At the origins of a commitment: before the words, the actions

A few years ago, emmanuel vergès, a figure in cultural rights, made this enlightening remark to me: “But you, in all the activities you’ve undertaken, you’ve always been working from the perspective of cultural rights, even if you didn’t name them as such”. Indeed, my first public cultural activities date back to 1988, nearly twenty years before the Declaration of Fribourg (2007) which came to sanctuarize the notion of cultural rights. While this declaration is part of a long lineage of advances since the Universal Declaration of Human Rights of 1948, it is this declaration that was able to formulate in the clearest and most constructive way the foundations of a renewed political vision of culture.

These foundations rest on values and postures, both individual and collective, that place human dignity at the heart of cultural practice. And of course, I was not the only one working in this direction. This approach today bears a name: cultural democracy. It rests on the simple and powerful idea that culture is what constitutes us intimately. Consequently, the greatest service one can render to the democratic space is to guarantee respect and recognition for what constitutes each individual, because it is from this soil that the most fertile interactions for society are born.

This vision immediately opposed the dominant model of “cultural democratization.” The latter, carried by a top-down logic, postulates the existence of a corpus of “great works of humanity” that should be disseminated to the greatest number to “create commonality.” My own initiatives, such as organizing monthly short film screenings, went against this paradigm. By opening the doors wide to diversity of expressions and origins, my challenge was not to reinforce a professional system with its codes, but to create spaces of mutual enrichment where everyone, including the public, had their full place.

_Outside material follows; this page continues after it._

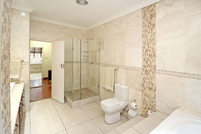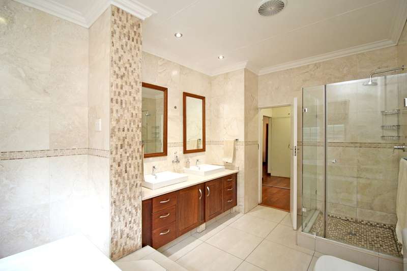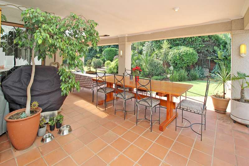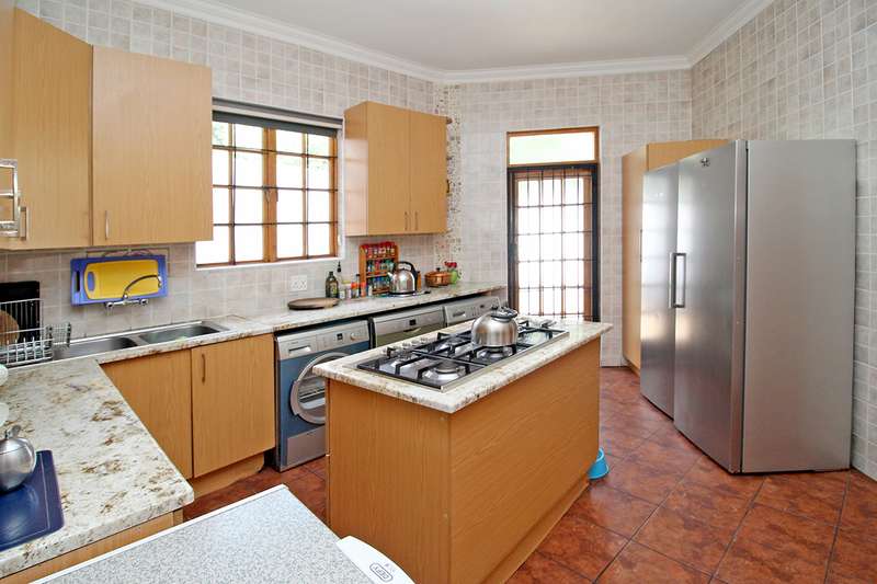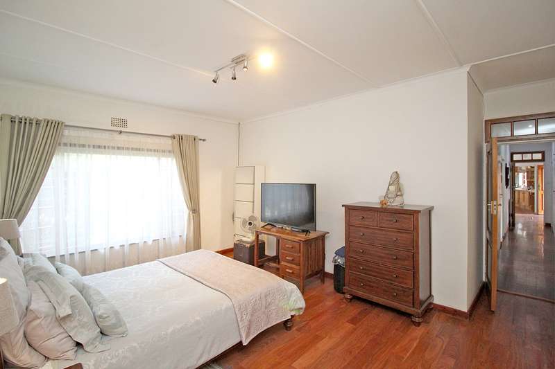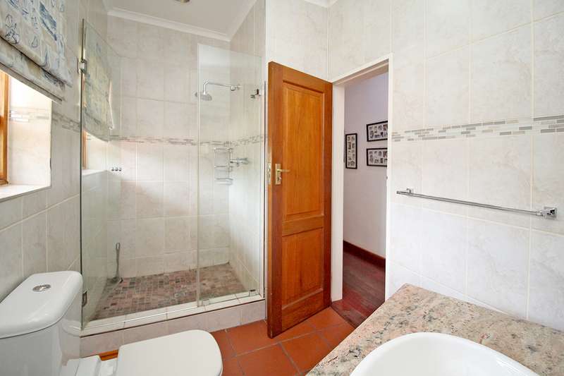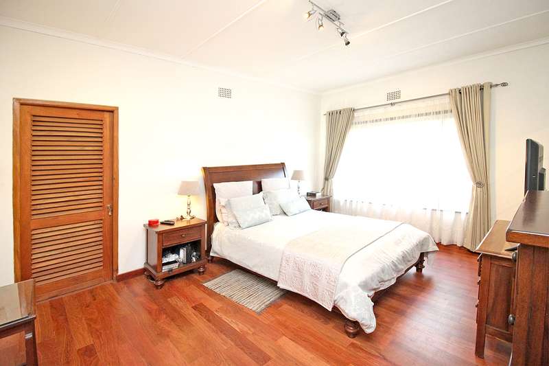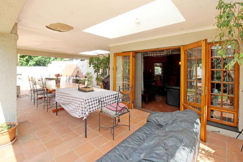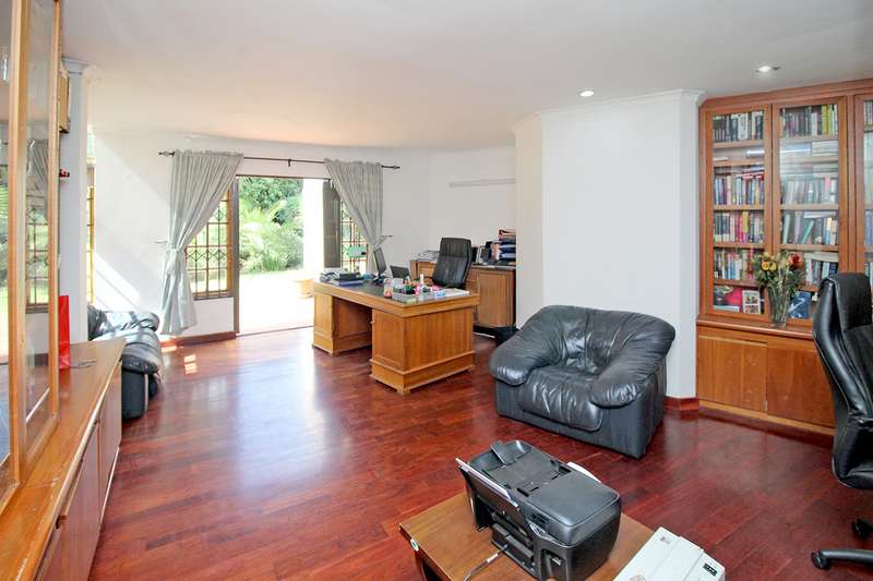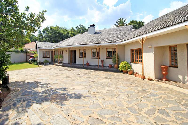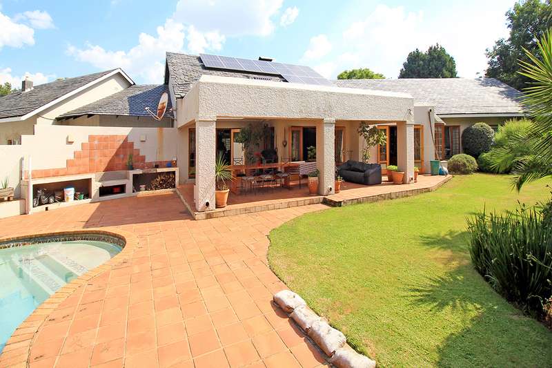 This home has it all! This is a 3/5 bed home situated on a 2325 sq stand in a lovely part of the suburb.Perfect for entertaining, spce for kids to run around and a fantastic 2 bedroomed cottage which can be incorporated into the home or kept separate with own entrance. 3 good sized bedrooms, (mes) plus 2 other bathrooms.Huge fitted study or family tv/games room opening onto the garden.Lounge (fireplace)/dining room both opening out to the covered entertainment verandah and lovely swimming pool. Good sized kitchen with elec hop and scullery laundry with gas hob. 2 bedroomed cottage with open plan lounge/dining and kitchen opens into the house but also has own entrance. Staff acc, triple garage with lock up storage and loo, double carport,plenty of off street parking, landscaped garden, gorgeous teak flooring plus excellent security and Solar system. Well situated in the suburb, close to great schools, easy access to shopping centres and highways.

The foundational experience: breaking the boundary between author and spectator

Very quickly, in these screenings I facilitated, the process became entirely collaborative. I would propose a theme for the following month, and participants were free to simply come watch films, to bring works they had created, or even, and this was the heart of the project, to create their own films on the given theme. We were at the beginning of the 1990s, audiovisual creation tools were far from being as accessible as they are today, which is why I also offered technical support for making these future works. It was therefore a true cultural democracy in action: everyone could contribute freely, but also and above all, was actively invited to become a creator, to be supported in their gesture and to share it on the big screen.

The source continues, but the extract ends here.